[WHAT YOU NEED TO DO]
Your answer should hold only the lines from the start of the data below through the line with "男性向けラノベタイトル風あだ名 | 『この素晴らしい世界にノアを!』 |", copied exactly, with pictures left out.

PROVIDED RECORDS below:

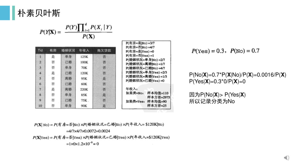 朴素贝叶斯 P(No|X)=0.7*P(X|No)/P(X)=0.0016/P(X) P(Yes|X)=0.3*0/P(X)=0 因为P(No|X)> P(Yes|X) 所以记录分类为No
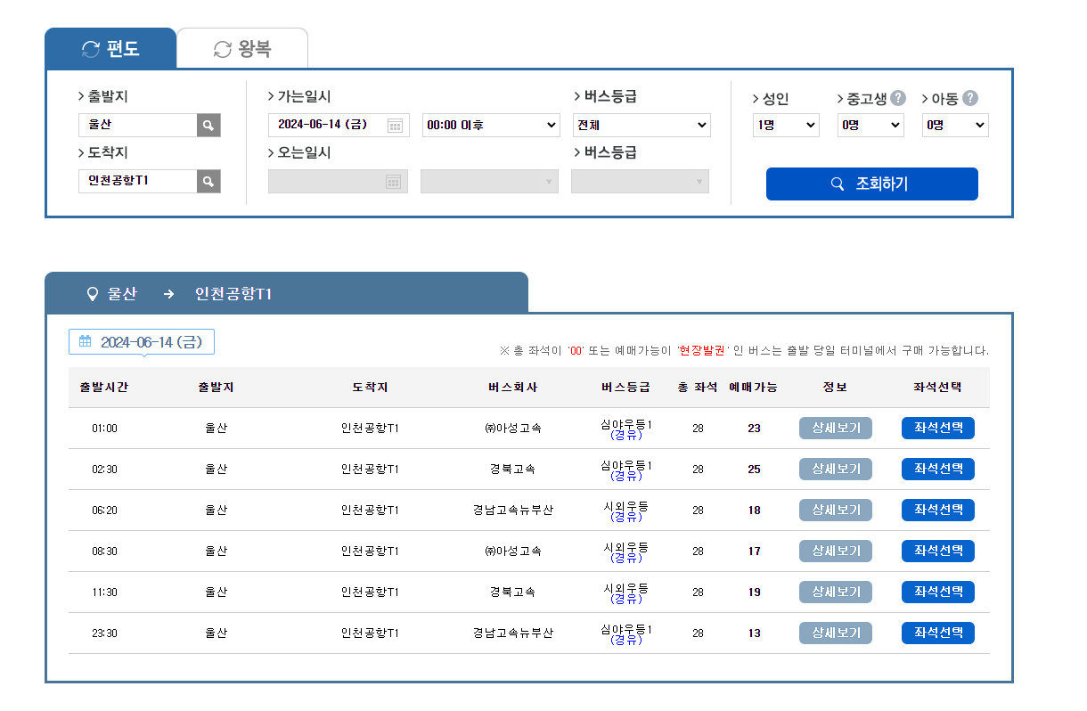 울산에서 인천공항까지 가는 공항버스는 제가 위에서 알려드린 '버스타고' 홈페이지 사이트를 통해 예약이 가능한데요.
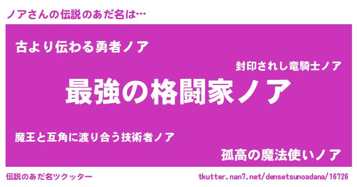 | 男性向けラノベタイトル風あだ名 | 『この素晴らしい世界にノアを!』 |
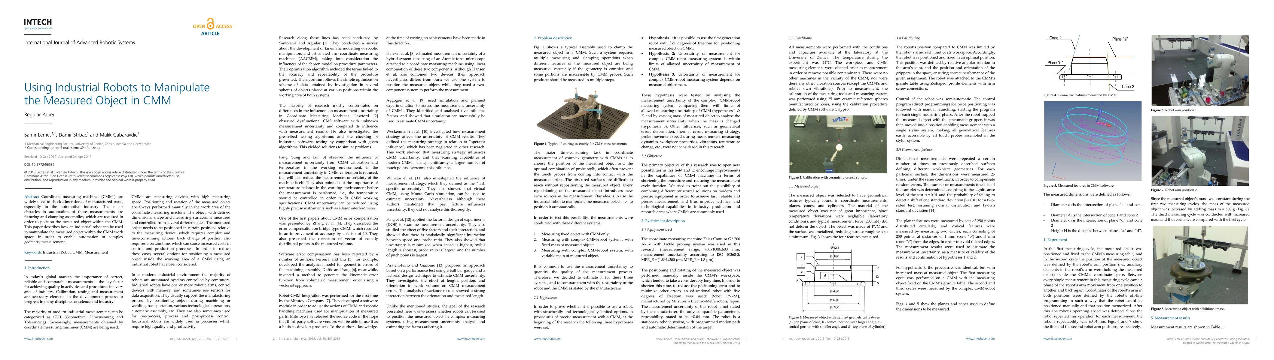 Coordinate measuring machines (CMMs) are widely used to check dimensions of manufactured parts, especially in automotive industry. The major obstacles in automation of these measurements are fixturing and clamping assemblies, which are required in order to position the measured object within the CMM. This paper describes how an industrial robot can be used to manipulate the measured object within the CMM work space, in order to enable automation of complex geometry measurement.
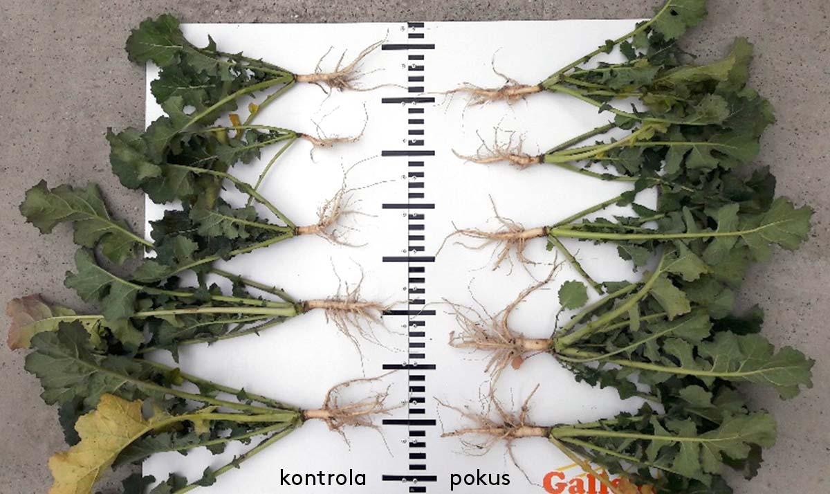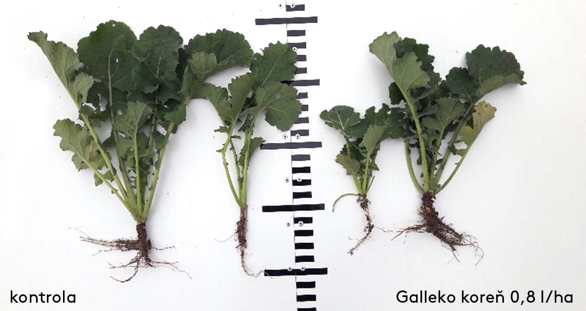 Jedným z výskumných ústavov, kde sa už niekoľko rokov potvrdzuje prínos pokusného variantu ošetrenia prípravkami Galleko je aj NPPC – VÚRV Piešťany. Pokusy tri roky po sebe prebiehali v lokalite Borovce (nadmorská výška 160 m n. m.). Sledovaný pokusný variant pozostával z dvoch ošetrení. V prvom sa použil prípravok Galleko koreň v jeseni v dávke 0,8 /ha. Vďaka jeho účinkom už niekoľko dní po aplikácii, môžeme vidieť dlhší, mohutnejší koreň s množstvom koreňových vlásočníc, hrubším koreňovým krčkom a vyššiu vitalita ošetreného porastu. Na obr. 1 sú jedince z pokusného a kontrolného variantu . Jedince sa vyberali podľa veľkosti nadzemnej časti. Rozdiely v nadzemnej časti rastlín medzi pokusným a kontrolným variantom neboli náhodné. Zámerne sme vyberali jedince menšieho vzrastu z ošetreného variantu a porovnávali s jedincami vyššieho vzrastu z kontrolného variantu.
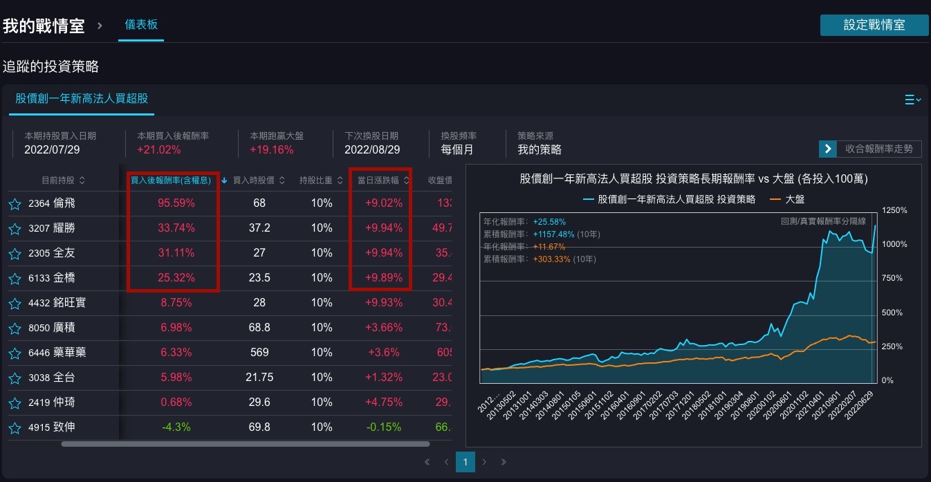 在我的戰情室當中,我們可以看到這個策略,在07/29買入這10檔標的之後,有很好的投資績效,跑贏大盤12.63%,其中又以2364倫飛的報酬率(79.14%)最高,因此,我們可以得證,此測投資策略近一個月有亮眼的投資表現哦👍

End of PROVIDED RECORDS.

[OUTPUT OF THE EXERCISE]
 朴素贝叶斯 P(No|X)=0.7*P(X|No)/P(X)=0.0016/P(X) P(Yes|X)=0.3*0/P(X)=0 因为P(No|X)> P(Yes|X) 所以记录分类为No
 울산에서 인천공항까지 가는 공항버스는 제가 위에서 알려드린 '버스타고' 홈페이지 사이트를 통해 예약이 가능한데요.
 | 男性向けラノベタイトル風あだ名 | 『この素晴らしい世界にノアを!』 |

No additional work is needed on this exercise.